---- Entries provided

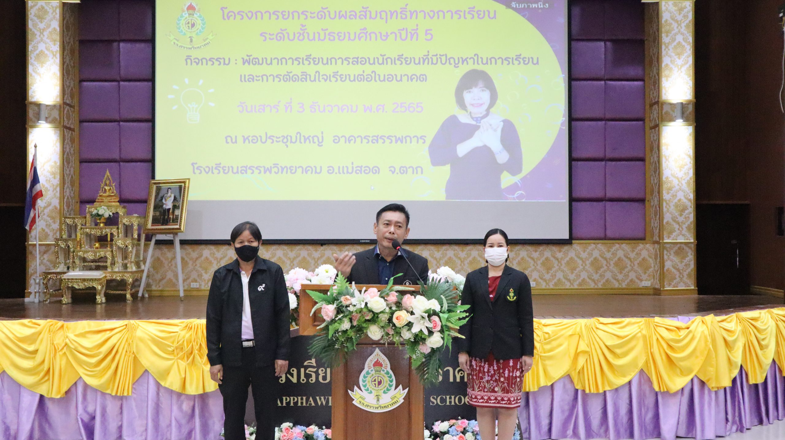 วันที่ ๓ ธันวาคม พ.ศ. ๒๕๖๕ นายกฤษณะ เครืออยู่ ผู้อำนวยการโรงเรียนสรรพวิทยาคม พร้อมด้วย คณะผู้บริหาร เป็นประธานเปิด โครงการยกระดับผลสัมฤทธิ์ทางการเรียนระดับชั้นมัธยมศึกษาปีที่ ๕ กิจกรรมพัฒนาการเรียนการสอนนักเรียนที่มีปัญหาในการเรียนและการตัดสินใจเรียนต่อในอนาคต โดยมี นางสาวนวรัตน์ เหลือศรีจันทร์ หัวหน้าระดับชั้นมัธยมศึกษาปีที่ ๕ กล่าวรายงานวัตถุประสงค์ การดำเนินกิจกรรม โดยได้รับเกียรติจากดีเจพี่อ้อย นภาพร ไตรวิทย์วารีกุล เป็นวิทยากรในการอบรบ พิเศษในภาคเช้าหัวข้อ “ด. เมื่อถึงทางแยก เราจะเลือกอย่างไร ๒. การสร้างแรงบันดาลใจในการเรียน๓. ทำไมต้องเดี่ยว เริ่มเลย ๔. วิธีการใช้ชีวิตในวัยรุ่น” ณ หอประชุมใหญ่ อาคารสรรพการ โรงเรียนสรรพวิทยาคม
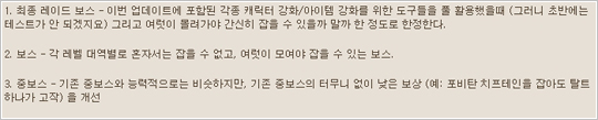 テストサーバーのユーザー達を対象にする 1.9 アップデートテストであるだけに適当なバランシング調整をすることは良いです.しかしとても力強ければモンスターを取る意慾を出すことができないだろうし,また補償がしがなければ誰も捜さないレイドになるでしょう.
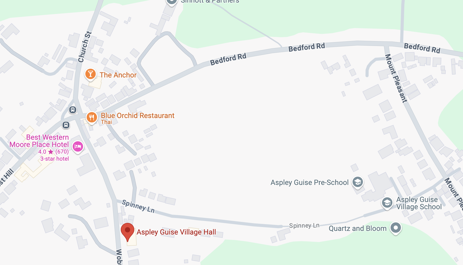 This meeting will be held in the Aspley Guise Village Hall, in the Committee Room. The Hall has its own car parking and offers free wifi. The car park is reached via Spinney Lane (note that Spinney Lane is not open to motor traffic from Mount Pleasant). Click the map to jump to Google Maps.
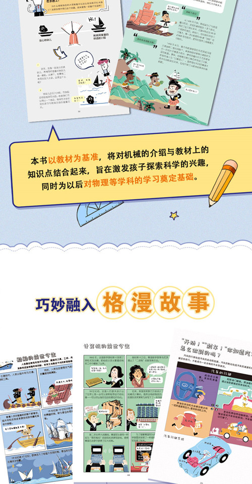 本套图书选取了10种具有代表性的机械进行介绍,包括《这就是飞机》《这就是船舶》《这就是潜艇》《这就是汽车》《这就是机器人》《这就是高铁》《这就是无人机》《这就是火箭》《这就是计算机》《生活中的机械》。为了拉近与小读者的心灵距离,增加互动性和趣味性,“克克罗”的男孩儿IP形象,贯穿全书,时而陪伴读者阅读故事,时而引领读者探索原理,时而提出疑问启发读者思考。在表现形式上,本书用漫画讲述机械的发展史和广泛应用等内容,用插画揭秘机械的构造原理;在内容上,融入“中国智造”元素,展现中国在不同领域的发展成果,并结合教材,对相应的知识点进行讲解,同时选取容易令孩子好奇的问题列为标题,以激发孩子的好奇心和阅读兴趣,语言通俗简练,插画生动有趣。通过对本套图书的阅读,孩子将了解人类在机械制造方面的伟大智慧,增强民族自豪感,产生对机械的探索兴趣,并为以后学习数理化等学科奠定基础。
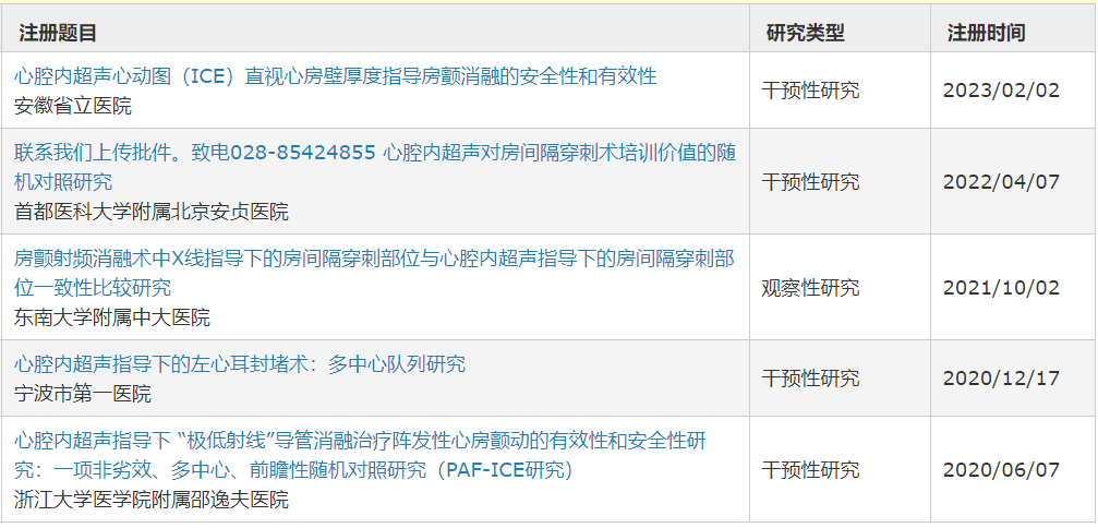 公開數(shù)據(jù)顯示,試驗(yàn)設(shè)計(jì)大多采取前瞻性、多中心、隨機(jī)對(duì)照方法,組別為ICE組和非ICE組(TEE經(jīng)食管超聲等),部分研究的樣本量為400例左右(1:1),公開資料顯示,此類臨床試驗(yàn)的部分入組標(biāo)準(zhǔn)為“年齡≥18周歲且≤85周歲,性別不限;計(jì)劃行心臟的心內(nèi)和大血管腔內(nèi)成像、心腔內(nèi)多普勒血流評(píng)估、以及心腔內(nèi)介入手術(shù)的患者。”
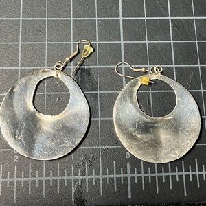 Vintage Mexico Alpaca Red enamel with abalone Floral Hoop Earrings

--------

### Your task
Exactly the lines above, from the one containing "This meeting will" down to the one containing "本套图书选取了10种具有代表", are to be repeated, including both ends. Pictures are not part of the copy.

### Answer box
 This meeting will be held in the Aspley Guise Village Hall, in the Committee Room. The Hall has its own car parking and offers free wifi. The car park is reached via Spinney Lane (note that Spinney Lane is not open to motor traffic from Mount Pleasant). Click the map to jump to Google Maps.
 本套图书选取了10种具有代表性的机械进行介绍,包括《这就是飞机》《这就是船舶》《这就是潜艇》《这就是汽车》《这就是机器人》《这就是高铁》《这就是无人机》《这就是火箭》《这就是计算机》《生活中的机械》。为了拉近与小读者的心灵距离,增加互动性和趣味性,“克克罗”的男孩儿IP形象,贯穿全书,时而陪伴读者阅读故事,时而引领读者探索原理,时而提出疑问启发读者思考。在表现形式上,本书用漫画讲述机械的发展史和广泛应用等内容,用插画揭秘机械的构造原理;在内容上,融入“中国智造”元素,展现中国在不同领域的发展成果,并结合教材,对相应的知识点进行讲解,同时选取容易令孩子好奇的问题列为标题,以激发孩子的好奇心和阅读兴趣,语言通俗简练,插画生动有趣。通过对本套图书的阅读,孩子将了解人类在机械制造方面的伟大智慧,增强民族自豪感,产生对机械的探索兴趣,并为以后学习数理化等学科奠定基础。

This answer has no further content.